Methods: The data used in this study were secondary data generated and extracted from the World Bank indicators (2020), CBN statistical bulletin (2020) and supplemented with data from Nigerian Electricity Regulatory Commission (2020) that covered the period of the study for the 6 states in southwest. Two models were specified to address the two specific research objectives. The first model sought to test the impact of cost reflective tariff on the Nigeria electricity supply industry using multiple regression analyses and the other to investigate the factors that contributed to the price of electricity determinants in Nigeria.
Results: The results showed that the cost of electricity production contributed significantly to the quantity of electricity distributed and the model produced R-square and adjusted R-square values of 91.16% and 87.38%, respectively.
Conclusion: The results obtained in this work is useful for electricity producers and government for proper planning.
Keywords: electricity tariff, electricity distribution, cost reflective, electricity distribution, co-integration
1 INTRODUCTION
Cost reflective tariffs are thought to offer a financial incentive or ‘price signal’ that might encourage consumers to change their energy usage behavior in ways that improve network efficiency, such as by lowering their consumption during times of peak demand (when costs are higher) and/or shifting consumption to off-peak periods, according to the Australian Energy Market Commission (when costs are lower)[1]. Cost reflective, in accordance with the Trade and Industry Chamber of South Africa, implies that the revenue from electricity tariffs covers the full and efficient operating and maintenance costs (including staff costs and overheads), primary energy costs (fuel costs, such as gas and coal), and the full capital costs associated with using the assets (including interest and depreciation costs), which enables the asset to be replaced (or refurbished) as necessary and for the assets to be expanded as demand for electricity grows[2]. A cost reflective tariff eliminates the need for government subsidies to make up the difference between the prevailing tariff and the actual cost of supply by reflecting the true cost of producing power.

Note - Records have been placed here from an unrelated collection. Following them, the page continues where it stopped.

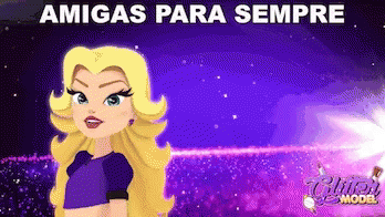 The Glitter Model cartoon girls celebrate their friendship with the phrase "Amigas Para Sempre" (Friends Forever).
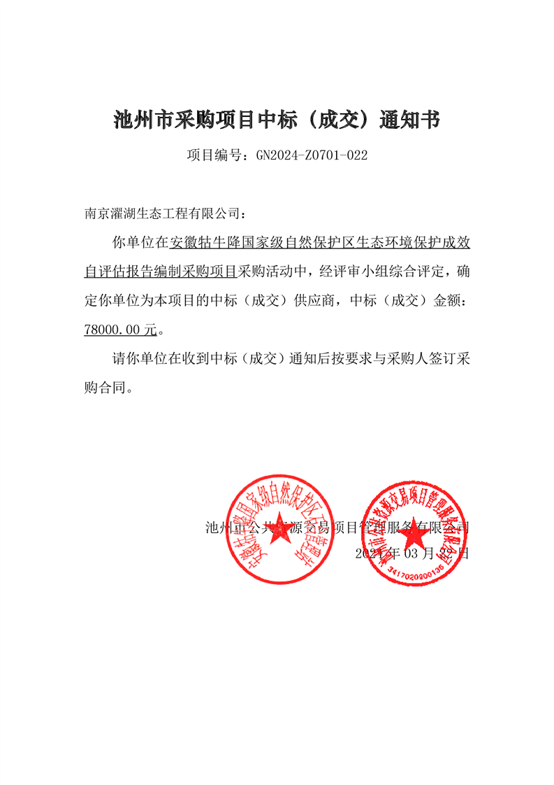 安徽牯牛降国家级自然保护区生态环境保护成效 自评估报告编制采购项目中标结果公示
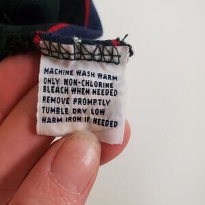 Vintage 1990s short sleeved collared polo style shirt from Polo by Ralph Lauren. Pine green base with navy blue, black, red, and white stripes. Red embroidered logo at the chest. Cropped boxy fit with a raw-cut rolled hem. 100% cotton. Fits true to tag size women's XL. Black Vans pictured are also for sale - see separate listing.
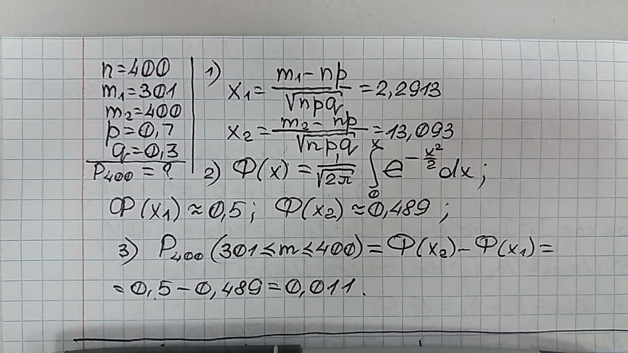 по интегральной формуле Лапласа, для количества попаданий между 301 и 400 (не более 100 промахов по условию).

According to this broad definition, the subsidy component must be entirely eliminated for a tariff to be really cost reflective, establishing a perfect market for energy where supply and demand work together to determine the price[3]. The advantages of cost reflective tariffs (for customers and networks alike) mainly rely on the presumption that people will choose to use power in a way that maximizes their utility. Although many people would view this as a logical assumption, research in the domains of psychology and behavioral economics has shown time and time again that people regularly make mistakes and stray from the ‘rational choice’ assumed by traditional economic modelling[4].
In order to modernize the energy markets, the Nigerian Electricity Regulatory Commission (NERC) was founded. One of NERC's main responsibilities is to make licensees’ prices fair to customers and high enough for them to be able to fund their operations and make a profit that is suitable for efficient operation.
In order to prevent the abuse of market power, NERC is authorized to create one or more tariff approaches. A Multi-Year Tariff Order (MYTO) was first adopted by NERC in 2008 as the framework for establishing the pricing structure for the industry in an effort to produce a viable and strong tariff policy for NESI. According to Section 76 of the Electric Power Sector Reform Act 2005, the MYTO methodology specified the procedure for tariff regulation. It gave the electrical sector a fifteen-year tariff path with minor and major reviews happening every two years and every five years, respectively[5].
The Nigerian power supply business is made up of numerous enterprises in various industries, locations, and sectors that are all connected through the transfer of gas, money, and energy. It is a highly dynamic system with intricate interactions between many different components. The energy source, which is made up primarily of gas (80%), is at the top of the value chain. To generate power and supply it to the transmission grid, which has a finite capacity, gas producers sell gas to generation companies at a fixed/subsidized price. The distribution businesses receive electricity after it is transmitted to the end users. Electricity tariffs, which in turn work their way back through the system with participating businesses collecting their share of the earnings, reflect how the cost incurred along the value chain is passed on to consumers. Due to Nigeria's current tariff regime's non-cost-reflective nature and significant legislative and operational issues, tariff pricing is crucial to maintaining operations and assuring returns on investment[6].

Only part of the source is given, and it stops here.